We had to go. That buck’s squealing was getting on my nerves, and it wasn’t doing Marta no good either. There was a green canvas and russet leather shotgun case on the sorrel’s saddle, and I wiped off the scattergun and stuck it in. I started to climb onto Cracker, and Marta grabbed my arm. That was the first time she’d ever done anything like that.
“What?”
She had an angry look in her dark eyes from under that big…hat. She pointed at the screaming buck.
I looked at her. “¿Qué?”
She pointed again, jabbed her finger hard, and stamped her foot.
“You want me to finish him off?” I didn’t think she’d care none about his sufferings. Heck, these injuns might be the ones kilt her family, except they didn’t have any guns.
She jabbed her finger again, glaring mean at me.
“Well, fine then, dammit!

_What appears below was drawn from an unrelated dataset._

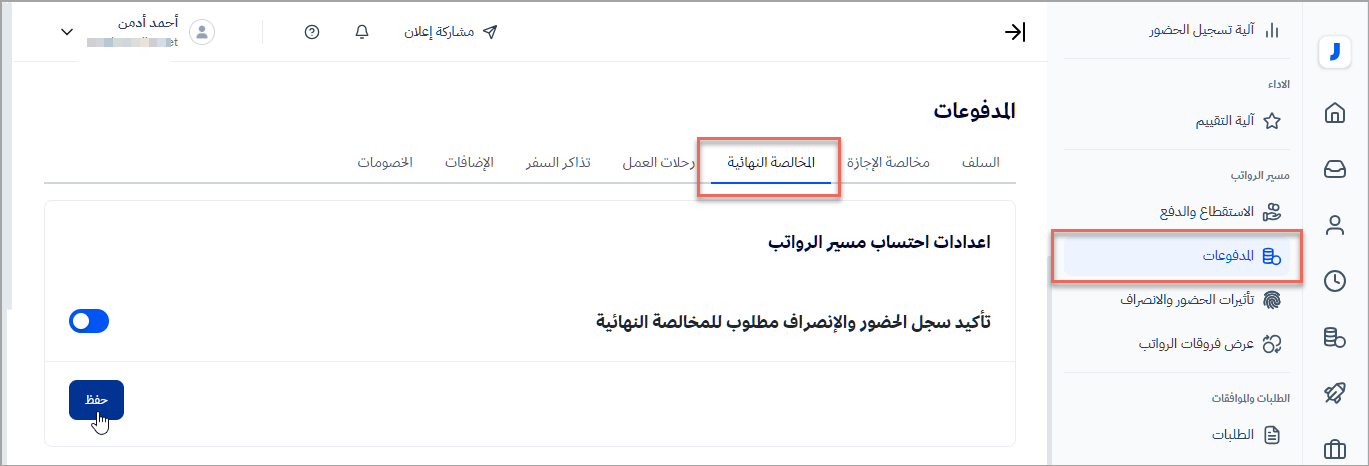 إذا كانت سياسة المنشأة تتطلب مراجعة و اعتماد كشف الحضور للموظف ، وبالتالي تطبيق خصميات الحضور والإنصراف على المخالصة النهائية الخاصة بالموظف ، فلابد من تفعيل الخيار الخاص بذلك ، من خلال الذهاب إلى صفحة الإعدادات > مسير الرواتب > المدفوعات > المخالصة النهائية > إعدادات احتساب مسير الرواتب > تأكيد سجل الحضور والإنصراف مطلوب للمخالصة النهائية > ثم النقر على زر التفعيل.

He’s going to croak anyways.” I cocked the rifle. Dang woman, making me waste another cartridge. “These things don’t grow on trees you know!”
She pointed again, and I could almost hear her say, “Cowboy up and finish the chore!”
She didn’t turn away when I shot him. We rode off. I was still riling against my marksmanship, “Eight cartridges, eight. Three injuns. Shoulda taken no more than four, five tops.”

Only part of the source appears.